─── Data extract

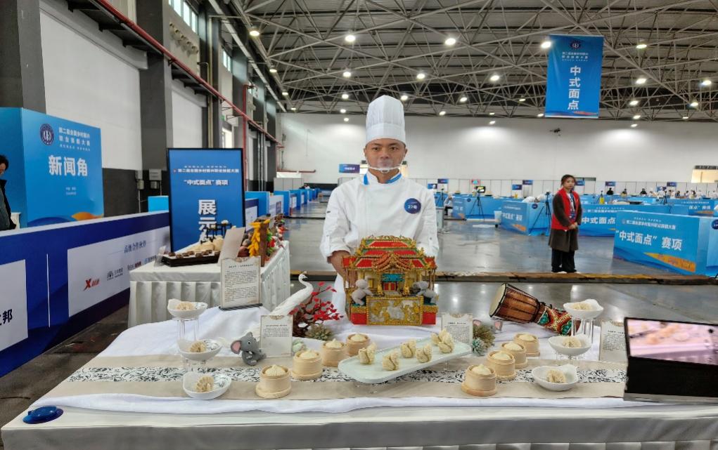 近期,昆明学院旅游学院烹饪与营养教育专业学生马肖,在副院长孙志强带领下,云岭首席技师王勇精心指导下,代表云南省参加在贵阳举办的第二届全国乡村振兴职业技能大赛决赛,与来自全国各地701名选手同台竞技,以其精湛的烹饪技艺征服了大赛评委,以总评分排名第二的好成绩,获得中式面点项目(学生组)银奖。
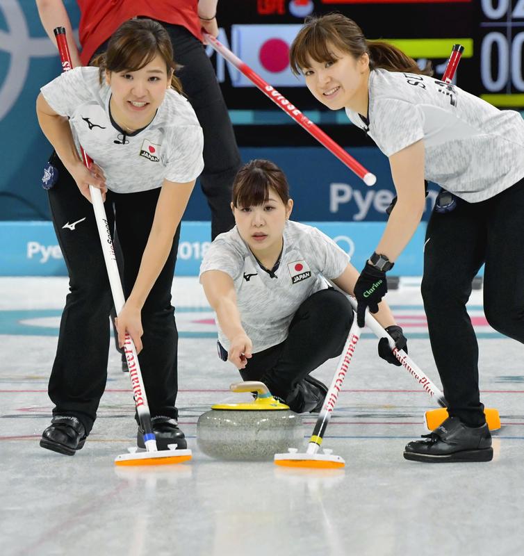 Japan's Yurika Yoshida, center, slides a stone in the third end of a round-robin match against Switzerland at the Gangneung Curling Center on Wednesday. The Japan women's team lost to Switzerland 8-4 but advanced to the semifinals for the first time by finishing fourth in the 10-team format. Japan faces South Korea in today's semifinals.
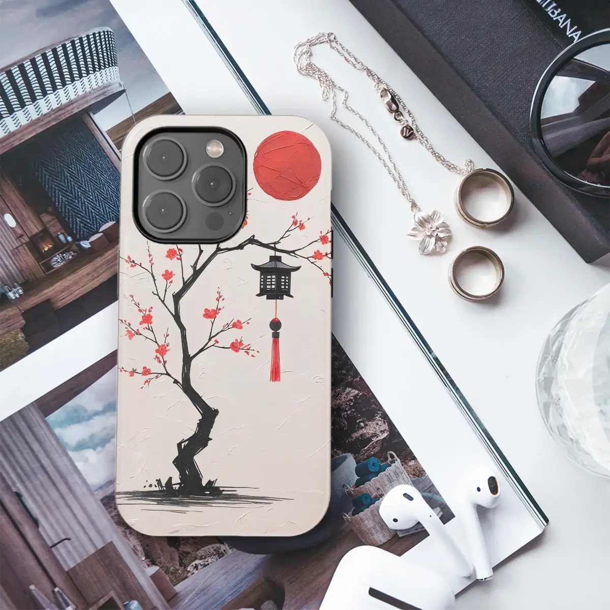 Embrace a moment of pure tranquility and carry a piece of serene art with you every single day. This stunning Japanese-inspired design captures the quiet beauty of a moonlit garden, bringing a sense of calm to your daily hustle. A bold, sumi-e style cherry blossom tree, its ink-black branches twisting with elegant energy, reaches towards a powerful, textured red sun. Each delicate crimson blossom is a tiny burst of passion against the tranquil, textured cream backdrop, creating a breathtaking contrast. A traditional lantern with a silken red tassel hangs peacefully from a branch, offering a silent invitation to pause and reflect. This isn't just a pattern; it's a portable piece of Zen, a story told in red, black, and white. Adorn your most essential tech accessory with this minimalist masterpiece and showcase your love for aesthetic, Asian-inspired art. Perfect as a thoughtful gift for her or a unique treat for yourself, this Red Sun Sakura design wraps your device in timeless elegance, making your everyday style truly unforgettable. It's more than protection; it's a personal statement of grace and beauty.
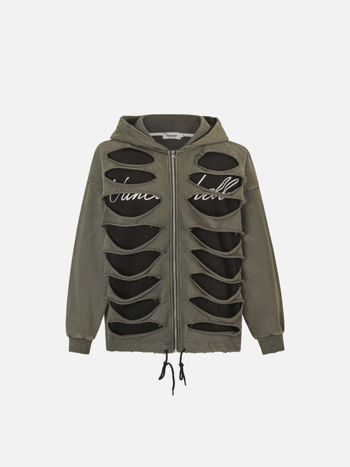 Redefine urban cool with this audacious hoodie, featuring edgy cut-out details that let you layer your look with bold confidence. The interplay of rugged gray and sleek black creates a striking contrast, making it a standout piece in any streetwear fashion ensemble. Available in sizes M, L, XL, and XXL, this hoodie offers a relaxed fit that’s perfect for layering over your favorite tees or pairing with distressed jeans for the ultimate Y2K outfit inspo. Zip it up, pull the drawstrings, and let your style speak volumes.
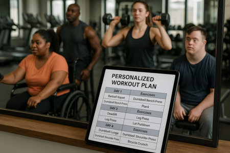 Group of individuals, including a person in a wheelchair, follows a personalized workout plan in a modern gym setting, focusing on strength and fitness
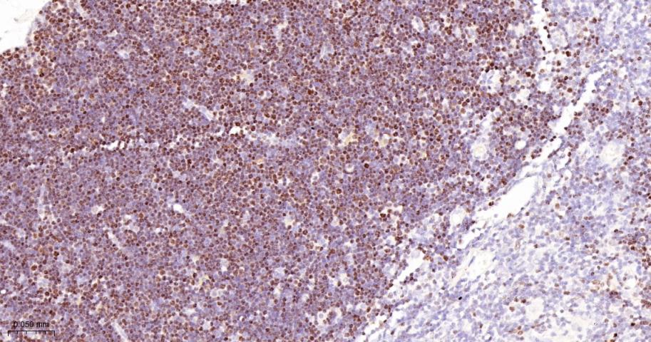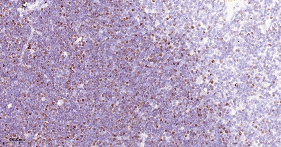 Paraformaldehyde-fixed, paraffin embedded Rat Thymus; Antigen retrieval by boiling in sodium citrate buffer (pH6.0) for 15 min; The section was incubated with MCM3 Monoclonal Antibody, Unconjugated (bsm-60606R) at 1:200 overnight at 4°C, followed by conjugation to the bs-0295G-HRP and DAB (C-0010) staining.
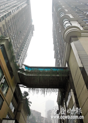 渝中区嘉滨路有一对“姊妹楼”,一曰华庭锦园(以下简称锦园),一曰华庭嘉园(以下简称嘉园),之间有一座天桥,远远望去,就像一只巨大的手,把两栋楼连接起来。
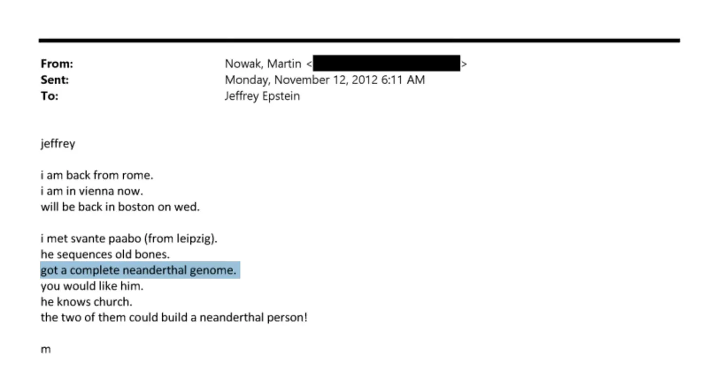 Martin Nowak – Professor für Mathematik und Biologie in Harvard, Direktor des Programms für Evolutionsdynamik und später nach eigenen Angaben durch Epstein zu einer CRISPR-Kooperation mit Churchs Labor „veranlasst“ – schrieb am 12. November 2012 aus Wien an Epstein und berichtete von einem Treffen mit Svante Pääbo, dem Direktor des Max-Planck-Instituts für evolutionäre Anthropologie in Leipzig. Nowak beschrieb Pääbo in drei Zeilen: „Er sequenziert alte Knochen. Hat ein vollständiges Neandertaler-Genom. Er würde Ihnen gefallen.” Dann fügte er hinzu: „Er kennt Church. Die beiden könnten einen Neandertaler erschaffen!”
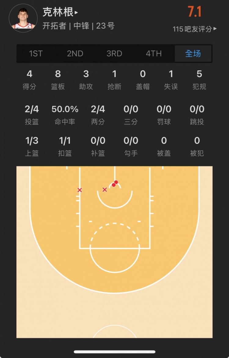 開拓者7號秀 多諾萬-克林根 登場17.5分鐘
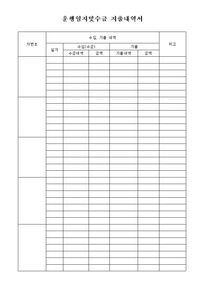 9,000원/월각 업무용 차에 따른 수입,지출여부를 기록하는 양식입니다.
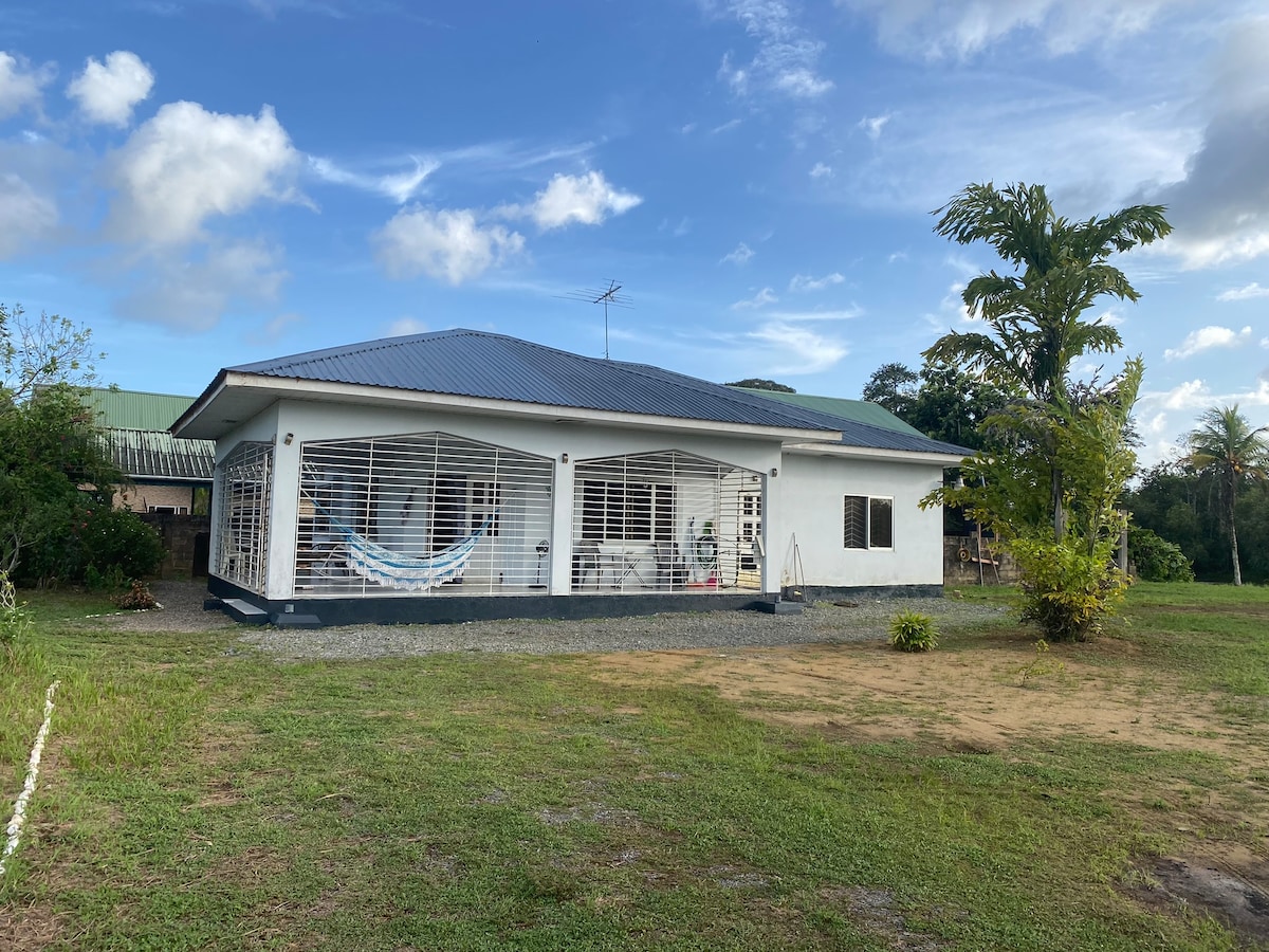 Our house is cozy, safe and peaceful, surrounded by nature and centrally-located at the East-West verbinding. It's 15 minutes from the Jules Wijdenbosch bridge to get to Paramaribo, the capital. You have a chinees restaurant and lots of warungs (javanese restaurants) nearby and there is a supermarket across the street. You can reach Peperpot Nature Resort within minutes. District Commewijne is the place of historical plantations situated at the right banks of the Suriname river.
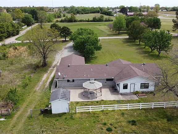 Country living close to town. 4 bd/2 ba on almost 6 acres. Large kitchen with breakfast bar and dining area, game room with dry bar. Backyard features a gazebo and storm shelter. Attached 2 car garage. Barn and storage building, cross fenced.
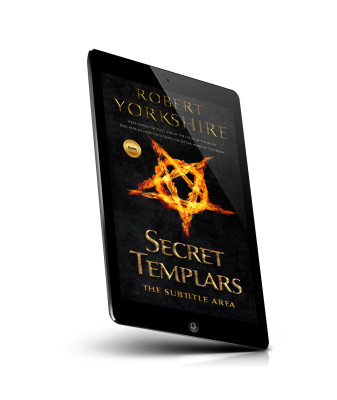“Fiery pentagram and bold gold text on a dark background.”
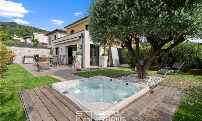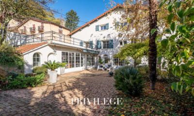 Propriété ancienne avec jardin, dans les hauteurs de Collonges au Mont d'Or Vavro Immobilier vous propose de découvrir cette charmante propriété ancienne de 1750. Surface habitable de 192,42 m² / 227 m² au sol. Elle est idéalement située, sur les hauteurs de Collonges-au-Mont-d'Or, offrant une vue dégagée. Environnement privilégié, au calme, orientation parfaite pour profiter du jardin de 1344 m² et de la piscine. Le bien est en excellent état, chauffage pompe à chaleur et gaz de ville. Charme de l'ancien incontestable. Au rez-de-chaussée, une entrée distribue une vaste pièce de vie de 43 m² avec cuisine ouverte et salle à manger, ainsi qu'un séjour chaleureux de 40 m² avec cheminée traditionnelle en fonction. Ces deux espaces bénéficient d'une vue dégagée sur la parcelle, offrant luminosité et cadre agréable. On dispose également d'un bureau, implanté dans la petite tour de la bâtisse, ainsi que des WC indépendants. À l'étage, profitez de trois chambres de 11,78 m², 14,22 m² et 23,94 m², dont une suite parentale avec une salle d'eau et des WC. Une salle de bains, ainsi que des WC complètent l'espace nuit des enfants. Au rez-de-jardin, vous disposez d'une quatrième chambre de 17 m² ainsi qu'un studio indépendant comprenant une pièce de vie de 18 m², une salle d'eau avec WC, idéal pour une profession libérale ou pour un usage locatif. À l'extérieur, vous bénéficiez d'un magnifique terrain paysagé de 1 344 m², agrémenté d'une terrasse d'été surplombant la parcelle. Un chemin en pierre aménagé permet de rejoindre facilement la piscine située en contrebas. A l'entrée de la parcelle, un parking offre un accès pratique et sécurisé pour plusieurs véhicules. Pour plus de renseignements, veuillez contacter notre conseiller. Honoraires inclus de 2.04% TTC à la charge de l'acquéreur. Prix hors honoraires 1 176 000 euros. Classe énergie D, Classe climat D Montant estimé des dépenses annuelles d'énergie pour un usage standard : entre 4020.00 euros et 5490.00 euros sur les années 2021, 2022 et 2023 (abonnements compris). Les informations sur les risques auxquels ce bien est exposé sont disponibles sur le site Géorisques : georisques.gouv.fr. Votre conseiller vavro immobilier : Gérant - Baptiste VAVRO
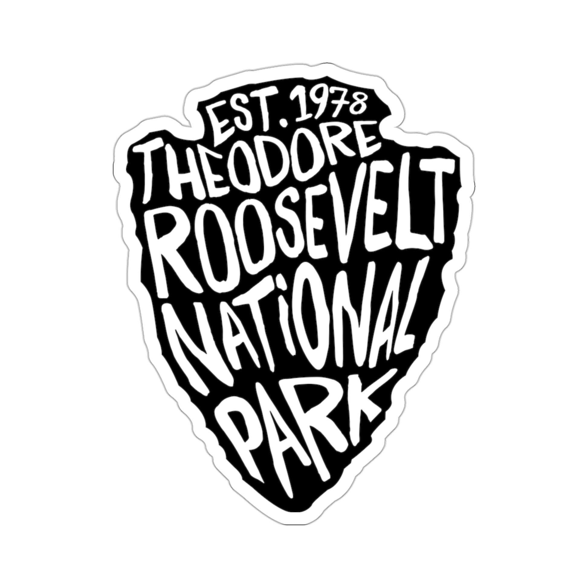 This black and white sticker features a stylized arrowhead with the words "Theodore Roosevelt National Park" stenciled in chunky white letters. The arrowhead is a symbol of the National Park Service, and this sticker is a great way to show your support for the park and its mission.
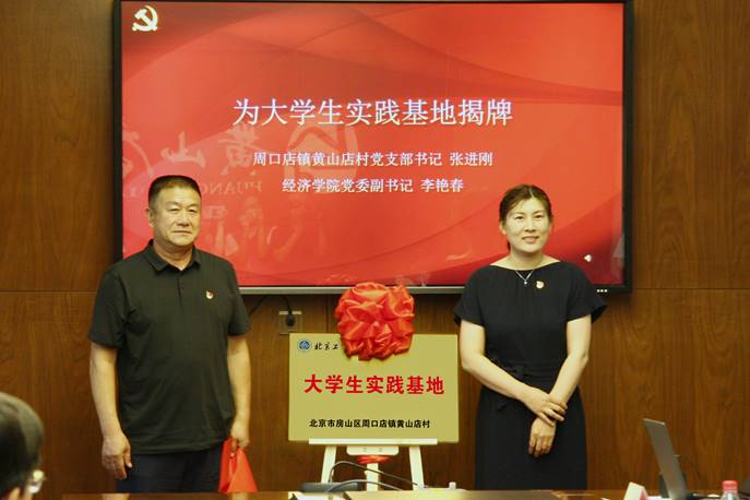 周口店镇黄山店村党支部书记张进刚与经济学院党委副书记李艳春共同为大学生实践基地揭牌。

──────

**Problem statement:** After locating the line with "This black and" in the listing above, transcribe it and every line after it to the last, exactly, with no pictures.

**Answer to this exercise:**
 This black and white sticker features a stylized arrowhead with the words "Theodore Roosevelt National Park" stenciled in chunky white letters. The arrowhead is a symbol of the National Park Service, and this sticker is a great way to show your support for the park and its mission.
 周口店镇黄山店村党支部书记张进刚与经济学院党委副书记李艳春共同为大学生实践基地揭牌。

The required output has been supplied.